In such a setting, one seeks a minimal set of re-labelings, additions,
deletions, merges, and splits of nodes and edges that transform one
graph into another. However, the edit-distance approach has its
drawbacks: 1) it is computationally expensive (p-time algorithms are
available only for trees); 2) the method, in its current form, does
not accommodate edge weights; 3) the method does not deal well with
occlusion and scene clutter, resulting in much effort spent in
``editing out'' extraneous graph structure; and 4) the cost of an
editing operation often fails to reflect the underlying visual
information (for example, the visual similarity of a contour and its
corresponding broken fragments should not be penalized by the high
cost of merging the many fragments).
In the context of line and segment matching, Beveridge and
Riseman [3] addressed
this problem via exhaustive local search. Although their method found
good matches reliably and efficiently (due to their choice of the
objective function and a small neighborhood size), it is unclear how
the approach can be generalized to other types of feature graphs and
objective functions.
In a novel generalization of Scott and Longuet-Higgins [17],
Kosinov and Caelli [11] showed how inexact graph matching
could be solved using the re-normalization of projections of vertices
into the eigenspaces of graphs combined with a form of relational
clustering. Our framework differs from their approach in that: (1) it
can handle information encoded in a graph's nodes, which is desirable
in many vision applications; (2) it does not require an explicit
clustering step; (3) it provides a well-bounded, low-distortion metric
representation of graph structure; (4) it encodes both local and
global structure, allowing it to deal with noise and occlusion; and 5)

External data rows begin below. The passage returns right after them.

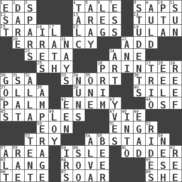 ACROSS 1. Begley and Asner 4. Falsehood 8. Plant excrements 12. Plant excrement 13. Ancient Greek god of war 14. Ballerina skirt 15. Lag or linger behind 18. Straggles 19. ____ Bator 20. Tendancy to err 22. Increase 23. Stalk of a moss capsule 24. A saturated hydrocarbon 25. Like a shrinking violet 26. Hard copy producer 30. Girls' org. (abbr.) 33. Derisive sound 36. Woody plant 37. Rounded earthenware pot or jar 39. Single; one (prefix) 40. Filth; sediment 41. Inside of hand 42. Foe 44. Order of Saint Francis (abbr.) 45. Paper fasteners 47. Compete 50. Period of immesurable duration 51. Engineer (abbr.) 53. Attempt to accomplish something 54. Refrain by choice 57. Length times width 59. Capri or Wright 61. More peculiar 63. Austrian-born American filmmaker Fritz 64. Be footloose 65. Compass dir. 66. False hair 67. Fly high 68. A female animal or person DOWN 1. Eastern Standard Time (abbr.) 2. Have the gumption 3. Practice fights 4. Baby powder 5. Like ___ of sunshine 6. Part of a journey 7. Curvy letter 8. SAT takers 9. Old (Scot.) 10. Parent Teacher Assoc. 11. Player for Phoenix 16. Angers 17. Thin strip of wood or metal 21. Negative votes 22. Black tropical American cuckoo 24. Tate display 26. Demure 27. Musical group of three 28. Snakelike fish 29. Coral collection 30. Republicans 31. Narrow board 32. Silent film actress Nazimova 34. Religious women 35. Single 38. Electrical Measurement 42. Car or cant ending 43. Jacques Cousteau's middle name 46. Myrna of the movies 48. To the inside or interior of 49. Mild oath 52. Amusement-park features 53. Portable shelter 54. Inventor's middle name 55. Fermented drink made from hops 56. Soft 57. Keyboard modifier key 58. Actress Charlotte 59. Big collection agency 60. "Barney Miller" actor Jack 62. Portuguese money of account (variant)
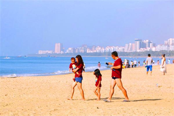 晒着太阳很舒服,还看到了这一家四口应该没猜错就是一家四口情侣衣服幸福的一家子沙滩上很多人还有一些外国人。
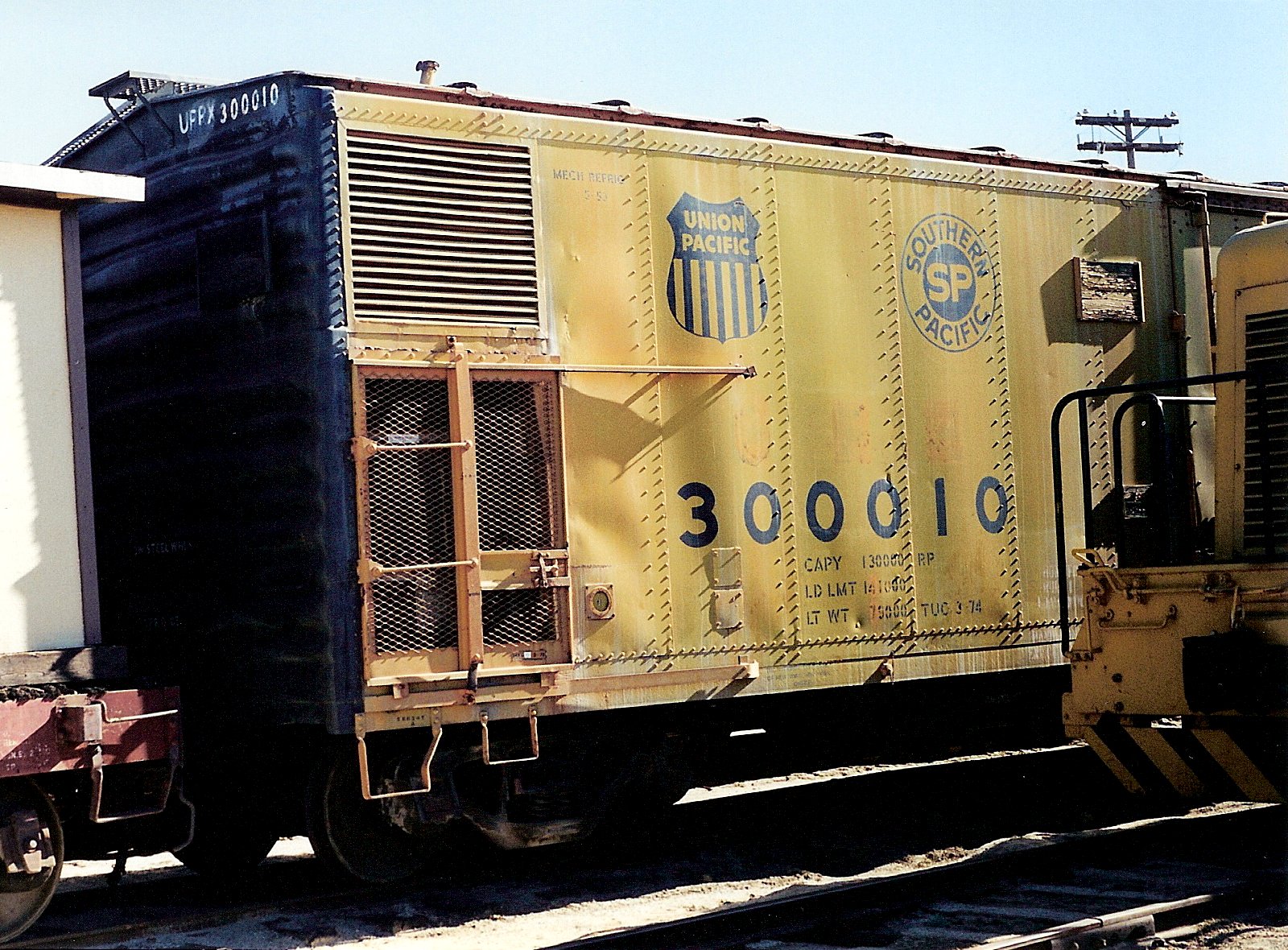 In June 1985, UPRX #300010 was donated to the PSRMA by the Union Pacific Railroad, its first donation to the Museum. Brought to Colton, CA by the UP, it was taken to San Diego by the Santa Fe and to the Grossmont industrial siding in La Mesa by the SD&IV free of charge in September 1985. In February 1987, the SD&IV moved it to San Ysidro, and it went to Campo on the Museum's "Great Freight II" on February 28, 1987. It was steam-cleaned in July 1987, using a "Rig-Shine" machine, which removed most (but not all) of the UPRX letters on the car's sides.

it can accommodate multi-scale representations.
Low-distortion embedding techniques haven proven to be useful in a
number of graph algorithms, including clustering and, most recently,
on-line algorithms. Indyk [9] provides a comprehensive survey
of recent advances and applications of low-distortion graph embedding.
Gupta [8] proposes a randomized procedure for
embedding metric trees into a vector space of prescribed
dimensions. Our spherical coding is a deterministic variation of this
procedure. For recent results related to the properties of
low-distortion tree embedding, see [1,13].